Lula wins Brazil's election: Survival International statement

Yanomami celebrate the removal of ranchers from their land © Mario Vilela/FUNAI

Lula’s win in Brazil’s presidential election is a crucial moment for Indigenous peoples and their lands. We hope it will allow for a desperately needed shift from the devastating and criminal onslaught of the last four years. It’s a matter of life or death for Indigenous people nationwide, and for the uncontacted tribes in the Amazon, it could mean the difference between survival and complete destruction. 

Over the past four years, Indigenous peoples across Brazil have endured the most anti-Indigenous government since the military dictatorship. Lula has promised a change in direction. He has pledged to uphold Indigenous rights, demarcate and protect Indigenous territories and put a stop to the war waged on Indigenous peoples by the Bolsonaro government. He has vowed to take concrete action to tackle the unprecedented levels of deforestation, soaring numbers of killings of Indigenous people, and attacks on their communities which have skyrocketed as a result of the Bolsonaro government’s racist and genocidal policies and actions – all aimed at opening up Indigenous territories for agribusiness, logging and mining.

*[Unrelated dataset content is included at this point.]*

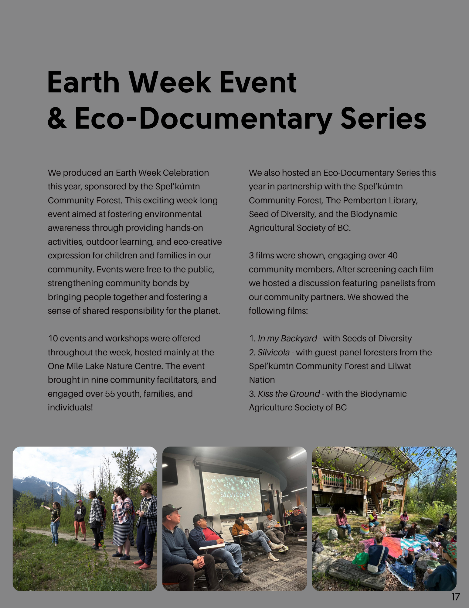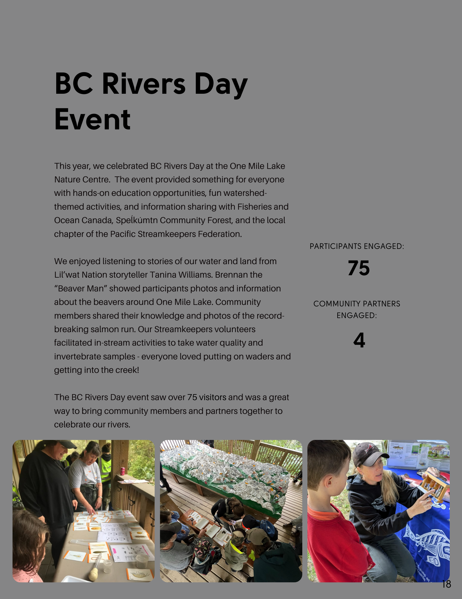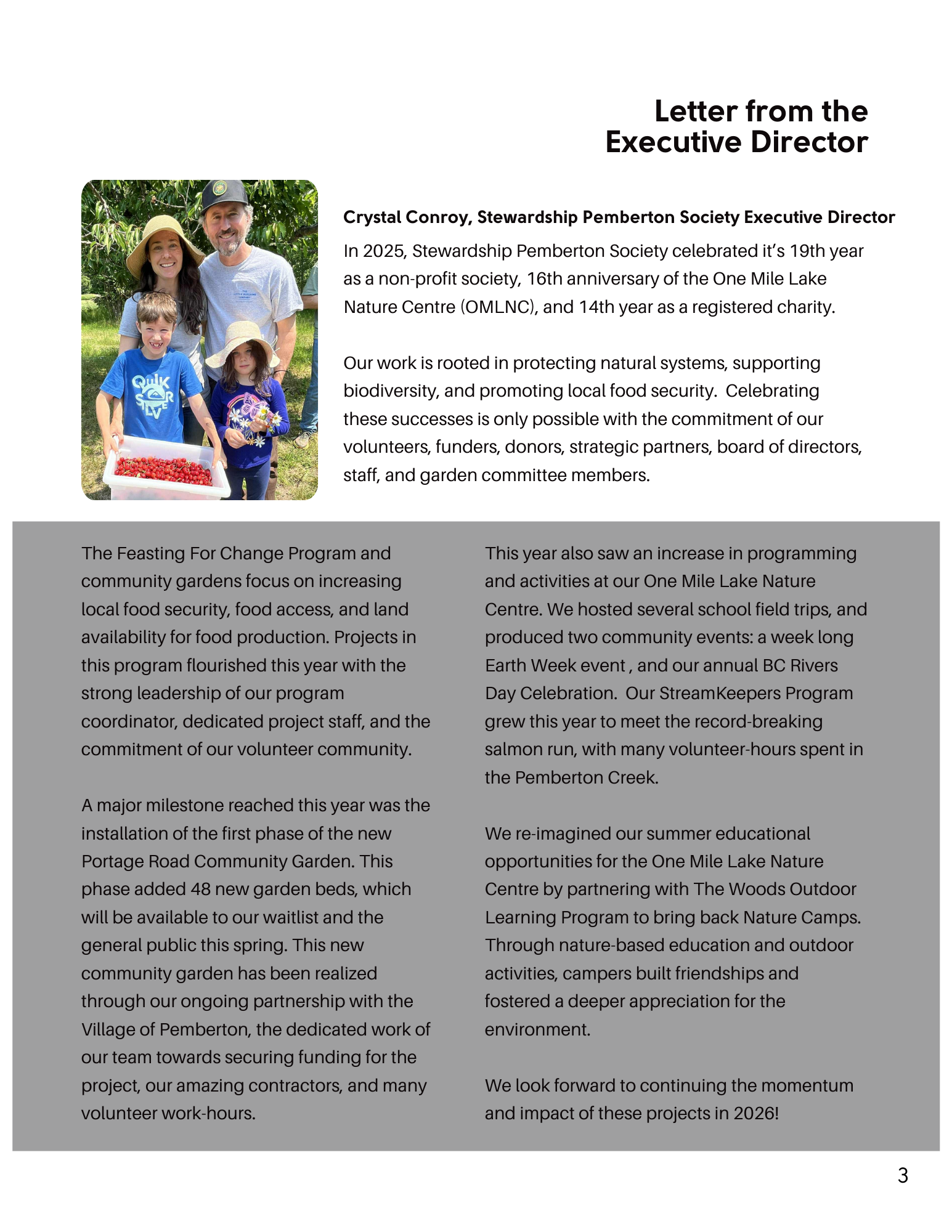 Stewardship Pemberton Society is an environmental non-profit and charity that is dedicated to the local environment and community. Our work is made possible through the generosity of our board of directors, volunteers, staff, funders, and community.
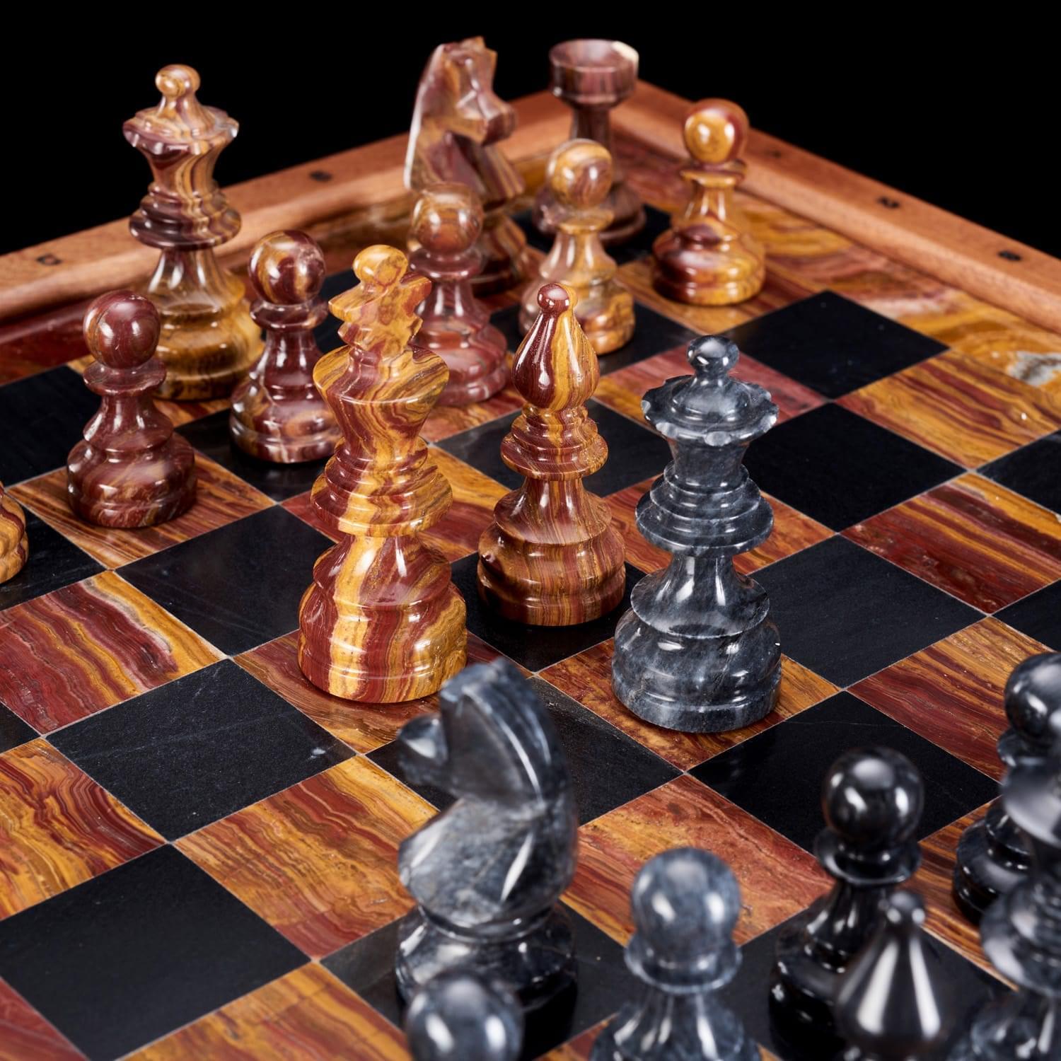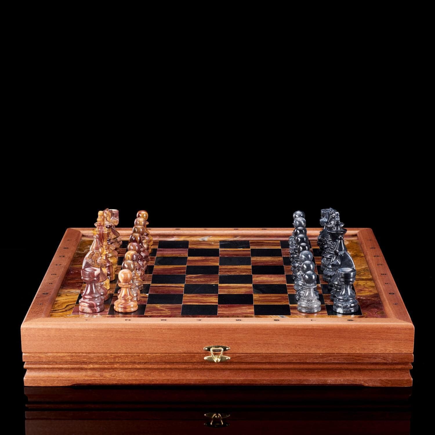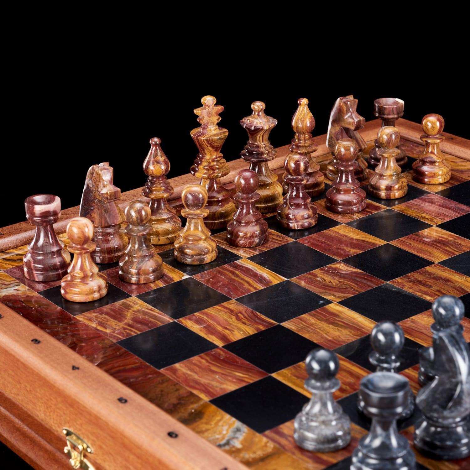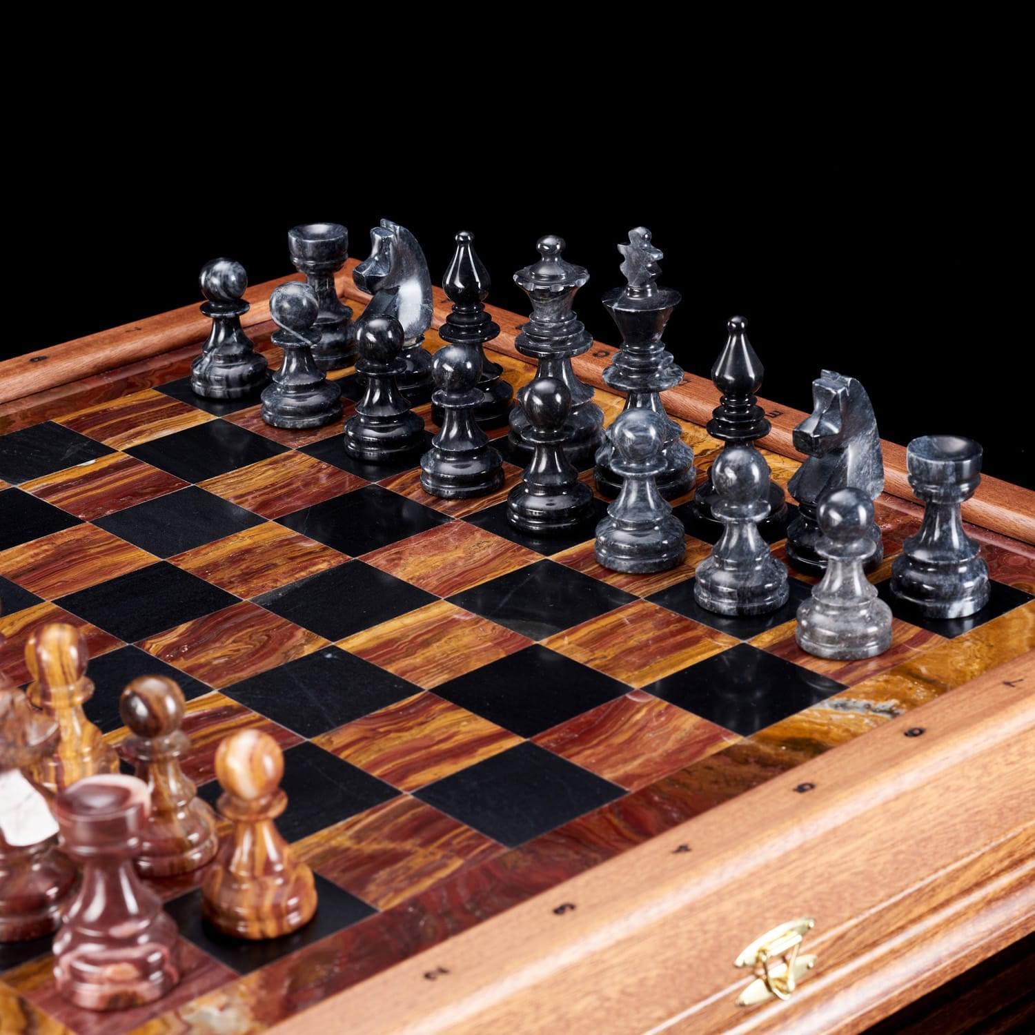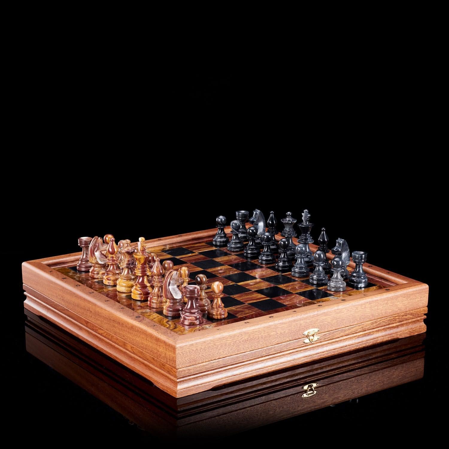 Шахматы деревянные с полем и фигурами из мрамора "Американские" 43х43 см

Lula’s pledges are welcome, but we are not expecting a u-turn overnight. His team will need to exert substantial political will and resources to undo the deep damage that has been done to the institutions charged with protecting Indigenous territories from invaders. Many anti-Indigenous politicians have been appointed to key positions in Congress, meaning that Lula and his team will face fierce opposition to attempts to uphold the Constitution and protect Indigenous territories for Indigenous peoples’ exclusive use. And the political forces and global markets fuelling the genocide of the Indigenous peoples of Brazil will not go away. 

Indigenous peoples, their allies including Survival, and their supporters around the world, will hold Lula's government to account. We'll do all it takes to ensure that he upholds national and international law, blocks big infrastructure projects impacting Indigenous peoples' lands that don’t have their consent, and protects Indigenous territories so that Indigenous peoples can survive and thrive and be respected as the contemporary societies that they are. The stakes are particularly high for uncontacted tribes – the most vulnerable peoples on the planet.

Amid an unprecedented number of Indigenous candidates running for positions in Congress, Sonia Guajajara and Célia Xakriaba were elected as Congresswomen. They will be an important force for bringing Indigenous land rights to the centre of political debate in Brasília.

And Indigenous people on the front line will continue to resist in their own ways to guarantee a healthy future for their families and communities, as they’ve been doing since the Europeans invaded and colonized the Americas over 500 years ago.